Dans le second opus, vous aurez la possibilité de jouer encore une fois Corvo ou la nouvelle impératrice. Il vous faudra à nouveau déjouer une tentative de coup d’état toujours en lien avec la famille impériale.
Dans les DLC vous jouerez encore des personnages différents vous permettant de porter un autre point de vue sur les intrigues principales et de creuser les mystères du monde car, ce que je ne vous ai pas encore dit, c’est qu’en plus d’une technologie avant-gardiste qui caractérise l’univers de dishonored il existe une sombre magie ! Nous y reviendrons dans la partie jeu de rôles pour voir comment celui-ci s’est approprié les mécaniques du jeu. Sans m’étendre sur le sujet il faut que vous sachiez qu’il existe dans Dishonored une sorte de monde onirique inachevé parallèle au nôtre, qui se nomme « le grand vide ». Dans ce vide une entité pluri millénaire semble faire la loi, il s’agit de l’Outsider à l’apparence juvénile. A chaque génération l’outsider impose sa marque à 8 individus (plus ou moins) simplement pour voir ce qu’ils feront d’un fragment de ses pouvoirs. Lorsqu’une personne porteuse de la marque décède l’Outsider marque un autre individu.
L’énergie du grand vide peut aussi se manifester à travers des runes inscrites sur des os de baleine c’est ce qu’on appelle les charmes d’os et n’importe qui peut bénéficier de leur pouvoir.
Dans le jeu vidéo vous aurez la possibilité d’accepter ou non l’offre de l’outsider.
Les deux jeux se déroulent lors d’épidémies (une peste transmise par des rats et une invasion de mouche de sang) dans ce contexte morose, l’univers est pesant comme une chape de plomb sur cet air déjà bien chargé des vapeurs nocives de l’industrie.

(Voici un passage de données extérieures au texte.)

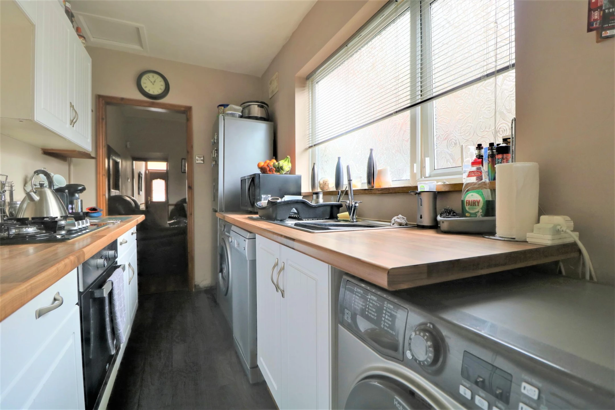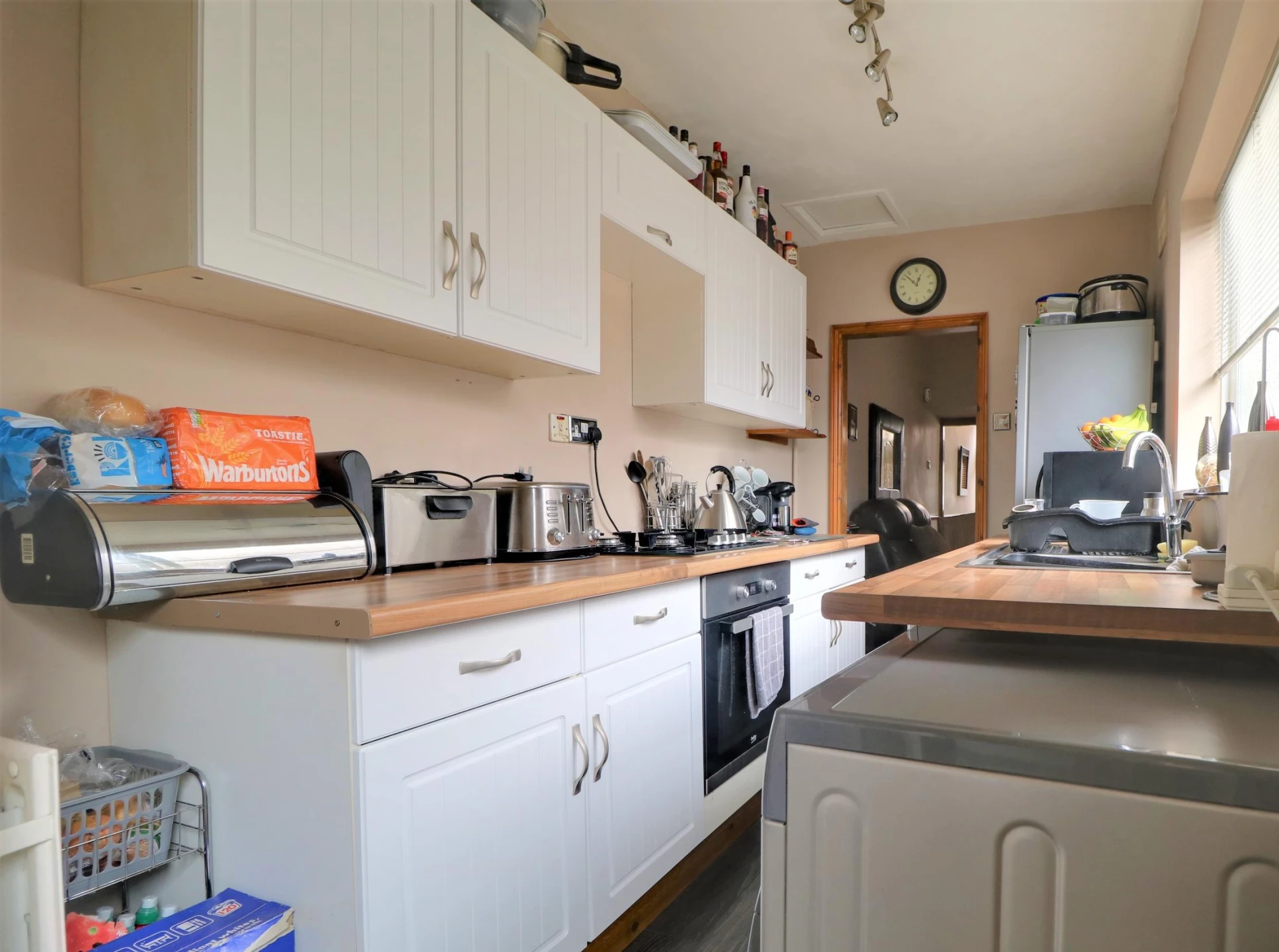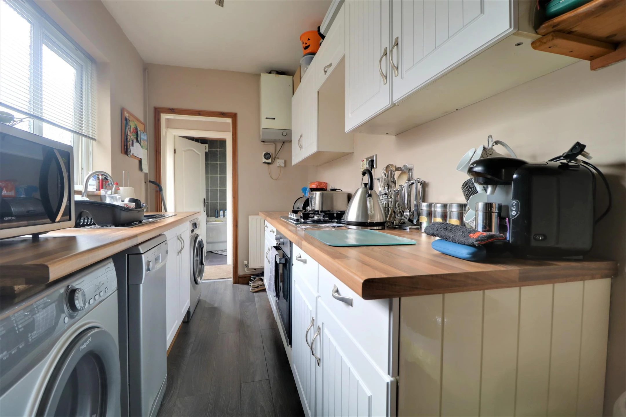 A range of wall and base units with complimentary worksurfaces, stainless steel one and a half sink drainer with chrome mixer tap, integral electric oven and gas hob. Upvc double glazed window to the side aspect, spaces for a fridge/freezer, dishwasher washing machine and tumble dryer. Wall mounted boiler, radiator and laminate flooring.

TOUT LE MONDE EST A NIVEAU ? OKAY ON PEUT COMMENCER
En mars 2020 l’éditeur Modiphius décide de faire paraître Dishonored en version anglaise. Il faudra attendre courant février 2022 pour que le jeu paraisse aux éditions Arkhane Asylum en Français. Pour le moment, sont disponibles en français uniquement le livre de base et le PDF. Dans sa version anglaise il existe un kit du maître du jeu de 50 pages (incluant un scénario) avec des jetons pour le vide, le Chaos et l’impulsion. A voir ce que donne le planning du côté des sorties chez Arkhane Asylum et si la gamme va s’étoffer.
Il faut avoir conscience que Dishonored est un jeu de niches et j’ai quelque doute sur le fait qu’il puisse séduire ou être connu de celles et ceux qui n’ont pas déjà joué au jeu vidéo. J’espère me tromper car son univers est riche et vaste, du moins à priori.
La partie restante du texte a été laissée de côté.